Laut Muttermilchforschern sind gestillte Säuglinge wesentlich weniger anfällig gegen eine Reihe von Infektionskrankheiten wie Durchfall oder Mittelohrentzündungen. Foto: dpa

Studien des Wissenschaftlers Lars Bode zeigen: Die Muttermilch schützt vor Darmkrankheiten.

Stuttgart - Eine der eigentlich schönsten Wortverwandtschaften bietet der Begriff „stillen“: Das Baby, das gefüttert wird, hört auf zu schreien, sobald es gestillt ist. Doch diese Stille wird nicht selten durch andere Misstöne gestört: Nämlich um die wiederkehrende Diskussion, ob Mütter ihrem Kind überhaupt die Brust geben sollten – und wenn ja, wie lange.

Tatsächlich empfiehlt die Weltgesundheitsorganisation (WHO) als auch die Nationale Stillkommission, das für die Mehrzahl der Säuglinge im ersten Lebenshalbjahr Muttermilch die beste Ernährung ist. Wie danach gefüttert wird – ob Brust oder Flasche – ,bleibt der Mutter selbst überlassen.

Für so manche bietet diese Richtlinie offenbar zu viel Entscheidungsfreiheit: So beklagte schon 2010 die französische Philosophin und Feministin Elisabeth Badinter, dass Stillen die Frauen an die Kinder bindet und sie damit für die Berufstätigkeit oder zur Ehefrau, ungeeignet macht. Sätze, die dem brasilianischen Top-Model Gisele Bündchen gar nicht gefallen dürften: Forderte die damals frischgebackene Mutter ein Gesetz, das Frauen verpflichten sollte, ihre Babys sechs Monate lang zu stillen.

„Gestillte Säuglinge weniger anfällig für Durchfall oder Mittelohrentzündungen“

Mit der jetzigen Mai-Ausgabe des amerikanischen „Time“-Magazins erreicht die Debatte ums Stillen einen weiteren Höhepunkt: Auf dem Titelbild posiert eine Mutter, an deren Brust ein Dreijähriger nuckelt. Die Botschaft des Artikels: „Breast is best“ – was so viel bedeutet, wie „Die Brust ist für Kinder immer noch das Beste“.

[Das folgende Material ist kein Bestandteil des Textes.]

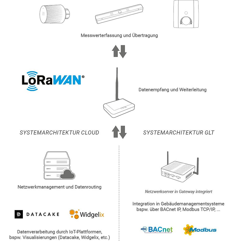 Neben der klassischen Integration von Sensoren in die Regelung von bspw. Lüftungsanlagen und in die Gebäudeautomatisierung bietet die LoRaWAN®-Schnittstelle die Möglichkeit, Livedaten unabhängig von der Gebäudeautomatisierung in eine Cloud zu senden, bspw. als Datengrundlage für vorbeugende Wartung.

Geht es nach den Muttermilchforschern, werden in dem Streit um die beste Kinderbetreuung nach der Geburt die Fakten zu gern der Weltanschauung geopfert. „Ein Fehler“, sagt der Ernährungswissenschaftler Lars Bode. Vielmehr sollte darüber gesprochen werden, warum der Stillnutzen für Kinder denn so groß ist. Denn was Muttermilch alles bewirken kann, so Bode, ist der Wissenschaft noch längst nicht umfassend bekannt.

Seit Jahren forscht er an der University of California in San Diego daran, die Bestandteile der Muttermilch zu entschlüsseln. Dass die Muttermilch nicht nur dazu dient, den Säugling zu ernähren, sondern auch gesundheitliche Vorteile für Mutter und Kind hat, hält er für unstrittig: „Gestillte Säuglinge sind weniger anfällig für Infektionskrankheiten wie Durchfall oder Mittelohrentzündungen.“

Es sind die unzähligen Molekülklassen, die die Muttermilch zu einer Art menschlichem Zaubertrank werden lassen: Fette, Proteine und Laktose sorgen für die Sättigung, Vitamine, Wachstumsfaktoren und Abwehrstoffe lassen den Säugling gedeihen und schützen ihn vor Krankheiten. Selbst Stammzellen wurden in der Muttermilch entdeckt. Ob diese allerdings gesundheitliche Vorteile für den Säugling haben, kann noch kein Muttermilch-Forscher sagen.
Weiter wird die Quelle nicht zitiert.